У защитника готовой точки зрения по вопросу о виновности или невиновности подсудимого может и не быть, твердого убеждения может и не сложиться. И это ни в малейшей мере не препятствует защитнику в правильном осуществлении своих обязанностей.

Из этого вытекает требование максимальной настойчивость и решительности защитника в осуществлении своих функций, непримиримости защитника ко всем слабым местам обвинения, ко всем нарушениям прав подсудимого и в то же время требование максимальной разборчивости в средствах защиты.

Не все интересы подсудимого представляет защитник, а только законные интересы, не любому желанию подсудимого потворствует защитник, а лишь содействует подсудимому в осуществлении прав, предоставленных ему законом.

Очень трудно защищать подсудимого, если доказательства его вины очень вески и убедительны, а преступление и личность подсудимого вызывают возмущение и негодование. Но там, где защита наиболее трудна, она и наиболее нужна.

Следует учесть и то, что до судебного разбирательства адвокат никогда не может с полной уверенностью сказать, как будет выглядеть дело на судебном следствии.

Прокурор идет в суд поддерживать обвинение тогда, когда в данный момент, на основании материалов предварительного следствия он пришел к убеждению, что подсудимый виновен. От защитника же этого вовсе не требуется. Он идет в суд для того, чтобы выполнить свои обязанности защитника. Он должен на суде из обстоятельств дела извлечь все, что может свидетельствовать в пользу подсудимого, опровергнуть обвинение, изменить его в благоприятную для подсудимого сторону, смягчить ответственность подсудимого.

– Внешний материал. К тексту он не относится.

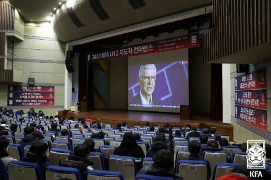 2023 대한축구협회(KFA) U-12 지도자 컨퍼런스가 26일 대전 KT인재개발원에서 열렸다. 이 자리에는 전국의 U-12 지도자 200여 명이 모였다. 발표자로는 이임생 KFA 기술발전위원장을 비롯해 최성환 지도자강사, 오성환 피지컬 전임지도자가 나섰다. 뒤이어 최광원 초등분과위원장을 비롯한 KFA 관계자들이 이번 시즌 초등 대회 정책을 소개하고, 올해부터 초등부 경기에 도입하는 1심제에 대해 설명했다.
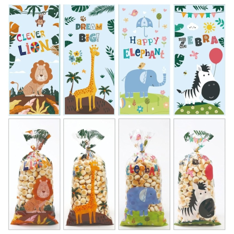 \nDobd fel a gyerekzsúrokat ezzel a vidám állatkertes mintás celofán zacskó szettel! Tökéletes apró ajándékok, sütemények, cukorkák vagy köszönőcsomagok csomagolására – garantáltan mosolyt csal a gyerekek arcára.
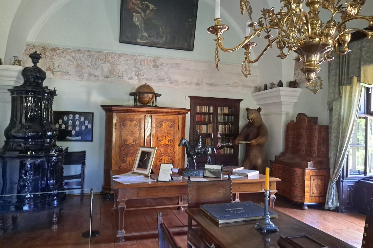 „Tady to působí jako takový prvorepublikový prostor, skoro jako nějaké kulisy z filmu pro pamětníky,“ říká kastelán Tomáš Horyna, který nás po schodišti dovedl do rozlehlé haly v podkroví. Do bývalého půdního bytu zámeckých pánů mohou návštěvníci nahlédnout posledních patnáct let. Zatím nebylo možné navštívit největší podkrovní místnost, teď ale finišují její stavební úpravy a správa zámku plánuje, že se brzy stane další zastávkou na prohlídkovém okruhu.
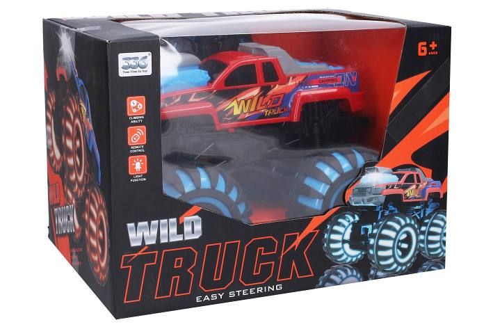 Auto Wild Truck se svítícími koly RC na dálkové ovládání. Rozměry 26,5x22x21 cm. Frekvence 2. 4GHz. Svítící kola a motor - levým a pravým předním tlačítkem na ovladači. 7. 4V 500mAh bateriový pack do auta součástí, 2xAA do ovladače nejsou součástí. USB kabel součástí. Přepínač ON/OFF na boční straně auta, tlačítko ON/OFF na ovladači.
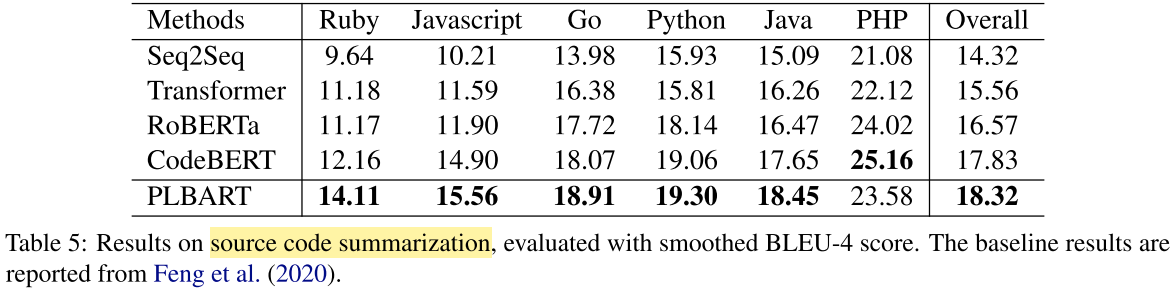 - Code summarization: generate the NL comment for a code.
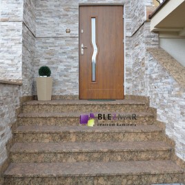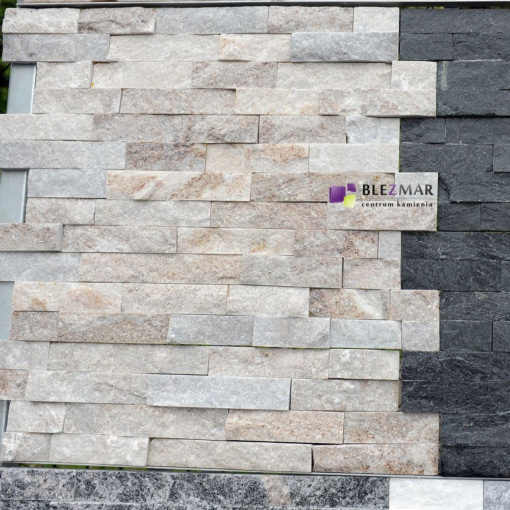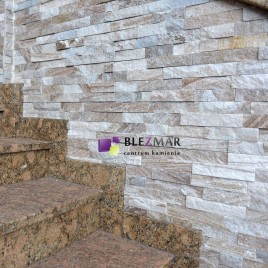Beżowa płytka z kamienia naturalnego, lekko mieniąca się do słońca
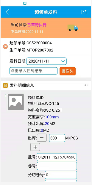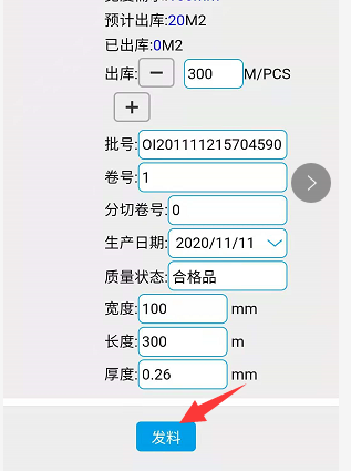 进入页面后,扫码需要领出的标签,扫描后点击发料按钮完成操作,如下图所示:
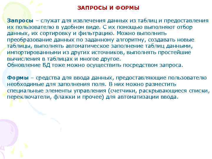 ЗАПРОСЫ И ФОРМЫ Запросы – служат для извлечения данных из таблиц и предоставления их пользователю в удобном виде. С их помощью выполняют отбор данных, их сортировку и фильтрацию. Можно выполнить преобразование данных по заданному алгоритму, создавать новые таблицы, выполнять автоматическое заполнение таблиц данными, импортированными из других источников, выполнять простейшие вычисления в таблицах и многое другое. Обновление БД тоже можно осуществить посредством запроса. Формы – средства для ввода данных, предоставляющие пользователю необходимые для заполнения поля. В них можно разместить специальные элементы управления (счетчики, раскрывающиеся списки, переключатели, флажки и прочее) для автоматизации ввода.
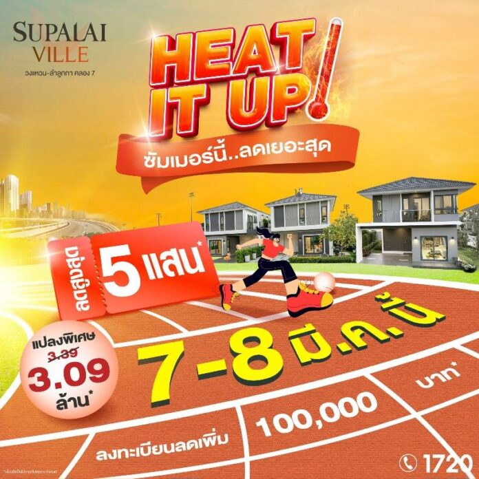 บริษัท บริษัท ศุภาลัย จำกัด (มหาชน) เดินหน้าอัดแคมเปญร้อนแรงรับซัมเมอร์ “HEAT IT UP ซัมเมอร์นี้ ลดเยอะสุด!” ชวนครอบครัวที่กำลังมองหาบ้านพร้อมอยู่บนทำเลศักยภาพโซนลำลูกกา–วงแหวน ร่วมสัมผัสข้อเสนอสุดคุ้มที่โครงการ ศุภาลัย วิลล์ วงแหวน–ลำลูกกา คลอง 7 คัดสรรบ้านเดี่ยวและบ้านแฝดแปลงพิเศษ พร้อมเข้าอยู่ทันที ในราคาพิเศษเฉพาะวันที่ 7–8 มีนาคมนี้เท่านั้น*
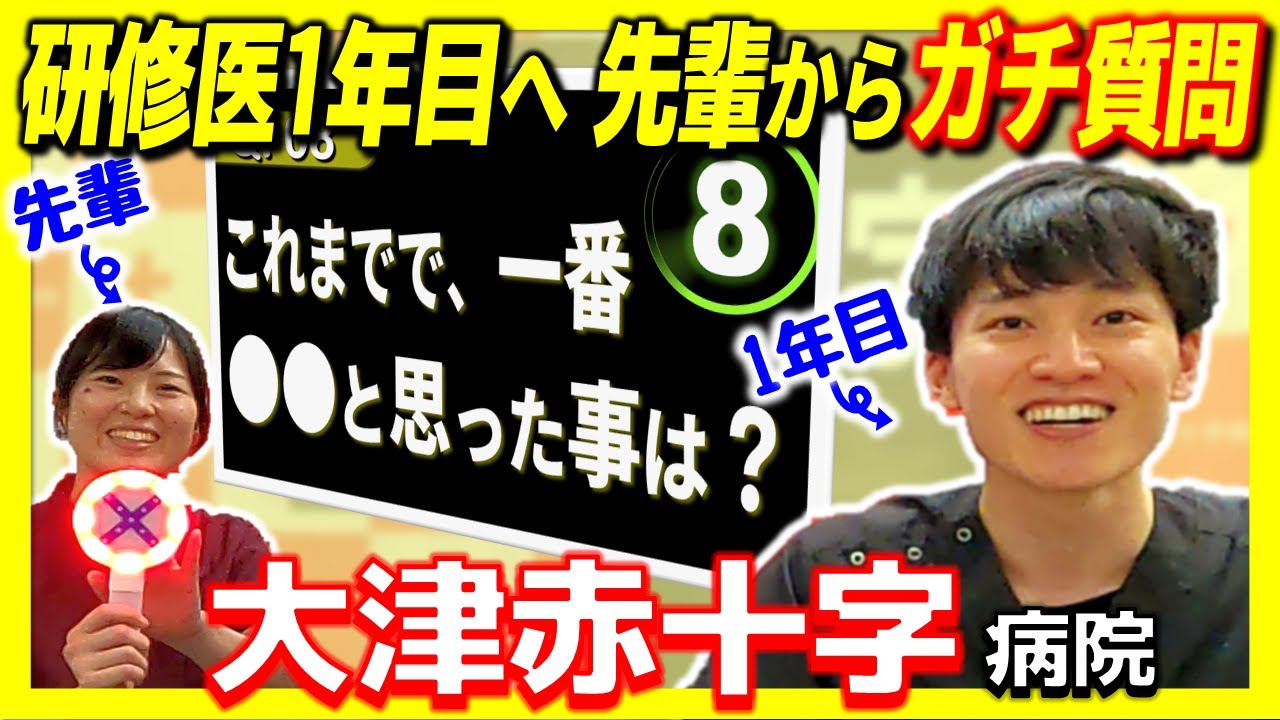 先輩からの11の質問に、研修医1年目が8秒で答えます。第4回は、内科志望D先生のチャレンジ!事前予告なしで研修医のホンネを聞き出します。(#大津赤十字 #研修医 #採用 説明会)
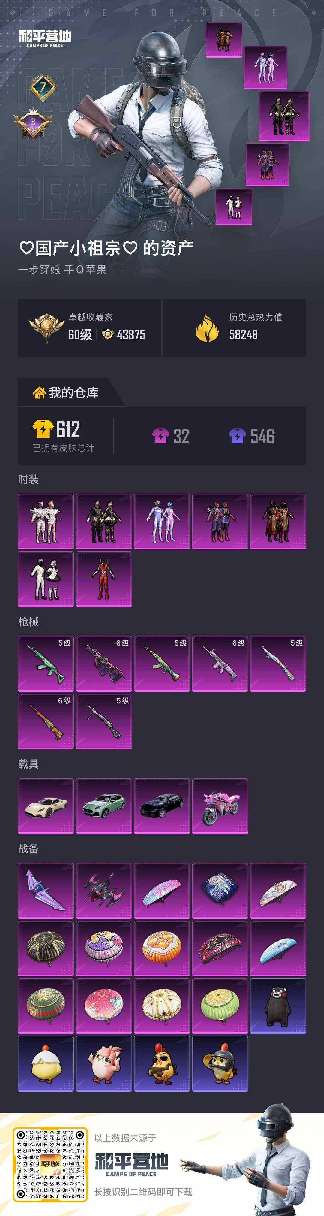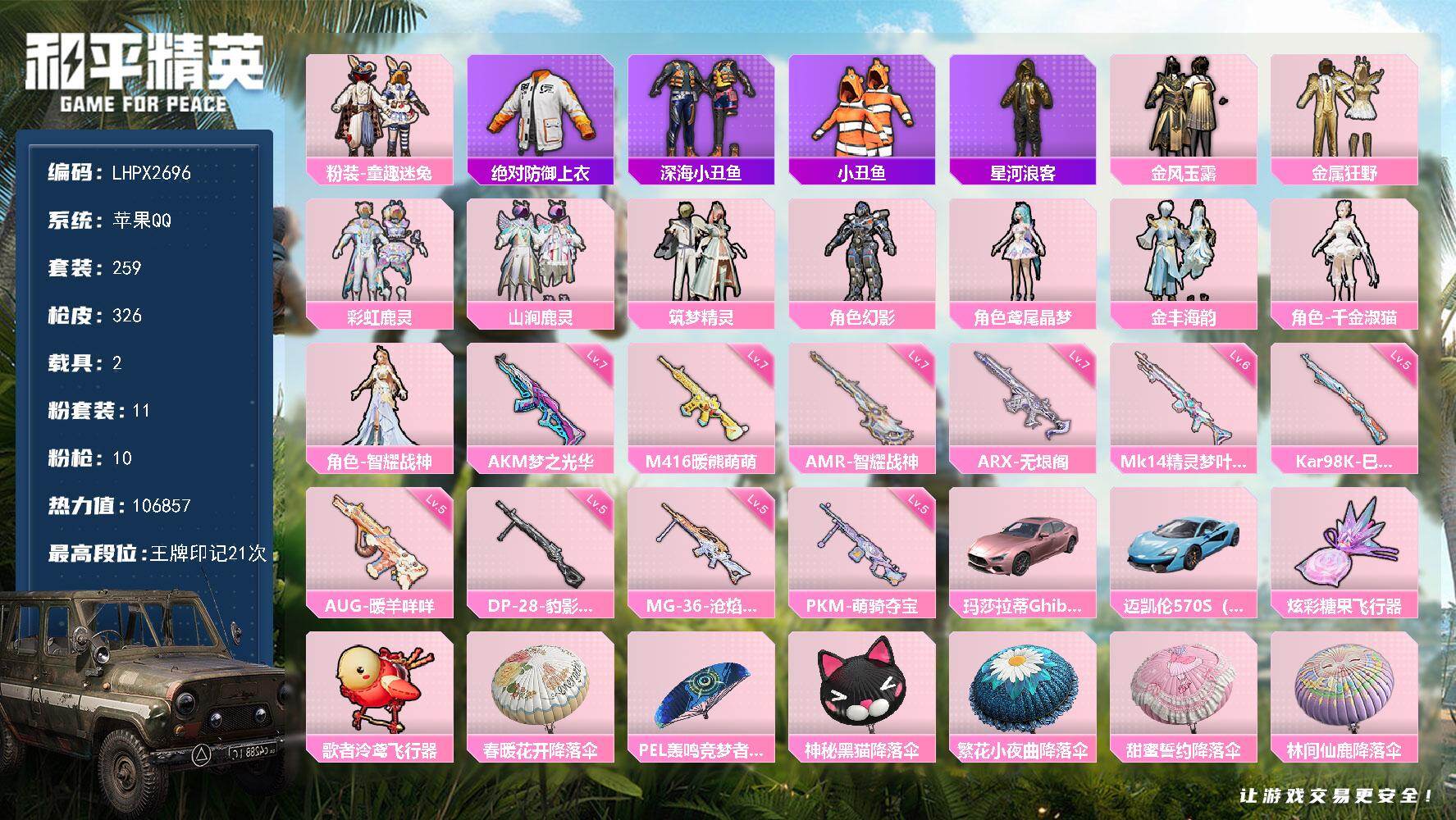 苹果v-3王牌印记-4粉装-6特效枪-2载具-30668热力值-74套装-108枪
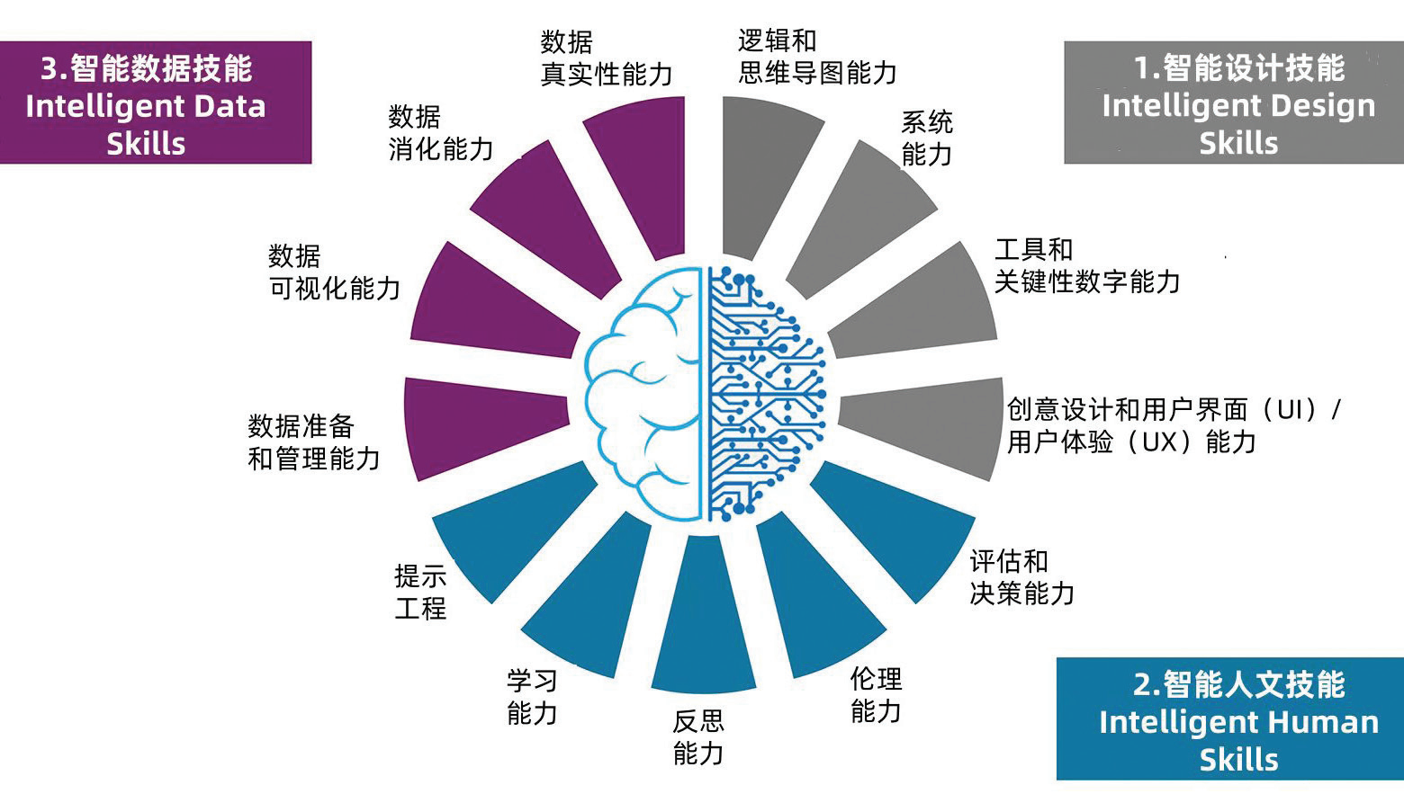 人類與人工智能之間強大的協(xié)同是世界快速發(fā)展的關(guān)鍵,而高校在塑造人工智能融合的未來方面發(fā)揮著舉足輕重的作用。這就要求進行靈活、創(chuàng)新和高瞻遠矚的教育改革,超越傳統(tǒng),培養(yǎng)能夠熟練運用人工智能推動社會進步的積極主動的領(lǐng)導者。這項改革的關(guān)鍵是培養(yǎng)三種能力——智能人文技能、智能數(shù)據(jù)技能和智能設(shè)計技能,并將其完美地融入課程和實踐中。這些能力對于培養(yǎng)學生的倫理素養(yǎng)、批判性思維和解決問題的能力至關(guān)重要,使學生有能力成為敏捷的創(chuàng)造者。
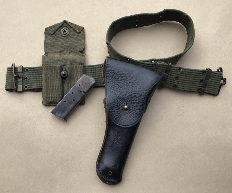 Australian made and issued pattern 1956 web belt with a US made and issued black leather holster for the M1911 Auto pistol in VGC with manufacturer stamp on the reverse and stamped 'US' on the front flap, green web US magazine pouch ( this well worn) and one original US Colt M1911 magazine.Perfect addition to your Australian Vietnam War uniform display.

Нет такого уголовного дела, по которому умелый и добросовестный защитник не смог бы найти доводов в защиту подсудимого, и нет ни одного уголовного дела, которое не заслуживало бы того, чтобы в нем участвовал защитник.

Защитник вправе и обязан защищать подсудимого как в случае сомнительности, недоказанности его виновности, так и в случае несомненной виновности подсудимого, как бы тяжело при этом ни было инкриминируемое ему преступление.

О чем бы ни шла речь между адвокатом и подсудимым при их общениях, на суде адвокат должен исходить не из этих внесудебных сведений, которые не только для суда, но и для самого адвоката не могут считаться достоверными, а из материалов дела, из данных предварительного и судебного следствия.

Адвокат, защищая своего подзащитного, может приводить против другого подсудимого только такие доводы, которые основаны на бесспорных фактах и обстоятельствах, которые объективно подтверждены.

Есть все основания требовать, чтобы принципиальность защиты исключала всякие непринципиальные, обывательские характеристики результатов судебного процесса, к тому же иногда напоминающие жаргон.

Защитник вправе настаивать на оправдании подсудимого не только тогда, когда он убежден в его невиновности, но и тогда, когда он не убежден в его виновности. Прокурор может утверждать лишь то, что вполне доказано. Защитник может отрицать все то, что не вполне доказано.

На том, что действительно сомнительно, защитник обязан сосредоточить внимание суда и делать из этого выводы в пользу подсудимого.